The longing to live in a body that looks like the one of a child’s often reflects the fear that becoming a woman would mean having to conform to all of the above.
I don’t want to say that this applies to me. I don’t think my anorexia developed out of fear of having to face society’s expectations as a woman. But reading this book I have realised that my most profound anxieties revolve around attributes that are strictly linked to my identity as a woman.
The parts of my body I am the most insecure about are my hips and my bum - a woman’s most distinct traits after boobs and vagina.
Even though I had zero body image issues thought out my teenage years, I do remember being annoyed and feeling uncomfortable at the realisation that the boys clothes that I had been wearing all my life no longer fit the way they used to: they were too tight on my hips, my once-loose jeans were now filled up with bulging bum and thighs, my boobs were small yet too visible.
In full-blown anorexia, I could fit into those clothes again.
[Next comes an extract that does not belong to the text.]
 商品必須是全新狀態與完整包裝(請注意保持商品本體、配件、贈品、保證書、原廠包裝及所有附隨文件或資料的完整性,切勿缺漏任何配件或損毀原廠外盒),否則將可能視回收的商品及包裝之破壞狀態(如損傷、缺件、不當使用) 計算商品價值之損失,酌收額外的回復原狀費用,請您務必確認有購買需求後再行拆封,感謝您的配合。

Anything I wore would hang loose off my bones. I looked like the adolescent boy I couldn’t be when reality (and puberty) hit.
And then recovery came, and with it my curves, my hips, my bum.
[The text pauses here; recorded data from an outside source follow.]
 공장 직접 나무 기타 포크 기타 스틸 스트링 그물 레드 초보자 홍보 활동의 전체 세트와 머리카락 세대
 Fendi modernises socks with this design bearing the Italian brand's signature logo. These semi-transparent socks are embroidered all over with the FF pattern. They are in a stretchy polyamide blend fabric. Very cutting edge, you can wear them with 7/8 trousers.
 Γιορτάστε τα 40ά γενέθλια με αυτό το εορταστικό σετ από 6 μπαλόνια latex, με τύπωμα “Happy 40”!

And ten years later, reading this book, an enlightening awareness hit me: what I used to call fat is the body of a woman.
This is what I’m supposed to look like. My body is appropriate for a woman body, not a 15 year old boy.
Recently I’ve been struggling with body image as I’ve notice my body has been through some changes.
I looked at some pictures of myself a few years ago, when I was in my twenties, and I realised I don’t look like that anymore. My hips have gotten a bit larger, my bum a bit heavier, my thighs a but fuller. My tummy’s grown a small but visible roll of fat around my bellybutton that didn’t use to be there.
However. I’m not in my twenties anymore. I’m not cycling 24km to and from work every day. I’m not worrying to much about not having carbs for dinner.
These changes my body is going through - they are natural. I am 32 years old. It would be unrealistic for me to expect to still have the same body I had 10 years ago.
I constantly compare myself to others (let’s be real) but I also find it easy to remind myself that it’s absolutely pointless because I will never be someone else. What is harder is not comparing myself to my past self. Because I used to look a certain way, I know I’m capable of looking like that, or at least I was, and it’s difficult for me to accept that I may not look that same way ever again.
What’s been helpful to accept and embrace my body changing is the notion that it means everything is working fine. I’m in my thirties, which is when the female body is naturally ready to get pregnant and have children. I’m not planning to have kids, but my body doesn’t know that. And it’s getting ready just in case.
I am actually fascinated by the concept of motherhood and what the female body can do, how it can adjust to bear another life, how it can produce food to feed a tiny human. I admire large women with kids around their ankles and babies on their laps because, in a way, they represent womanhood.
My body reshaping and gaining weight is just part of the natural process of being a woman, and I should be grateful for that. Instead of wishing I could freeze in a perpetual status of adolescence, I should be amazed of all the wonders my body is capable of.
Womansize doesn’t propose a solution to all these issues, but it certainly challenges the reader to reflect on why we think about our bodies and ourselves the way we do.
It clearly worked for me. I wish it works for you, too.